Boateng started preparing and training for the combine while he was still in school at Laurier, trying to balance his football and academic aspirations at the same time.

“Those drills aren’t necessarily things that you’re going to be able to naturally do based on your football skills,” said Boateng. “Those are things that you’re going to have to practice and the biggest thing that I found out was not about how much you can squat or in the running and jumping ones it all comes down to you just practicing that actual drill.”

Unique to the Canadian Football League’s combine, prospects participate in one-on-one drills where they match up and compete in a battle with other prospects. Defensive backs and receivers go head-to-head, linebackers and running backs take on each other and offensive and defensive linemen battle in the trenches.

With the list of participants that will be attending the combine released a few weeks before, prospects have the opportunity to study to ensure they’re prepared for any player they could get matched up against.

“You should do your due diligence and go over the list (of participants),” Boateng said. “Definitely look at the O-linemen, the tackles and the guards, if you play D-line. If you’re a receiver, you have to look at all of the DBs. It really comes down to looking at them and then finding their tape. Then once you find the tape you can do your homework upon that and just hope to find anything that you can beat them with.”

Toronto Argonauts assistant general manager Spencer Zimmerman watches the bench press at the 2017 National Combine (Arthur Ward/CFL.ca)

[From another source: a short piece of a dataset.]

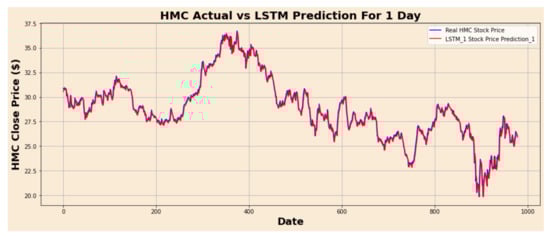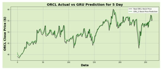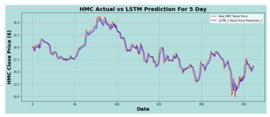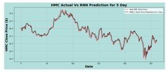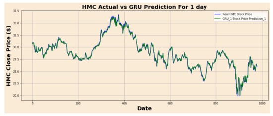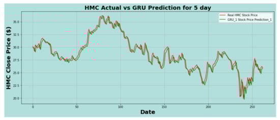 Figure 11, Figure 12 and Figure 13 show the actual vs. predicted curves for five-day time intervals of HMC. GRU outperformed the other two models in this timeframe as well. The results are summarized in Table 6.

Last year, Adeleke prepared for his combine – the same combine that he notched the fastest 40-yard dash time – by asking for advice from his coaches and past players who participated. He also had the unique advantage of joining a few teammates at the national combine last year, like fellow Carleton alum Nate Behar, and had played against some of the top pass-catchers in games throughout the OUA  season.

“I had the opportunity to play against the top receivers in the draft like (Danny) Vandervoort and I played against (Nate) Behar everyday in practice,” Adeleke said. “That was lucky for me. Me and Behar were doing one-on-ones throughout the whole off-season to prepare for the draft.”

He also watched CFL film to get pointers on how man coverage was different in the professional ranks than in it was at the university level.

“I was one of the guys that went in there knowing that in the CFL you can review pass interference and grabbing something you can’t get away with in the CFL,” he said. “I worked really hard making sure that I wasn’t reaching and cheating a little bit in one-on-ones.”

While the drills and one-on-ones can give GMs and scouts a sense of who a prospect is on the field, what they can’t tell them is who they are off of it. That’s why the interview process is so important to the combine weekend.

Teams bring a panel of personnel – that can include head coaches, defensive coordinators, offensive coordinators, general managers and anything in between – to a room where they sit down with any prospect that they may be interested in. No questions are off limits.

“It’s more just getting to know that player,” said Zimmerman of the interview process. “And understanding their journey on how it got them to the national combine or the regional combine and how it got them to being a draft eligible prospect in general.”

The combine is, for some, the last chance to get noticed and scouts and general managers will be watching prospects with a close eye as they look for the next Canadian to add to their team’s roster.

“You try to make it (the combine) an uncomfortable environment for a player,” Zimmerman said. “It’s really unique, it’s a little different. (And you) see how they adapt and respond to that environment. You get a little bit of a preview, or a validation to what you see on tape, of a player’s competitiveness to a player’s mental preparation. (You see) how they interact in a competitive setting (and) in a new competitive setting.”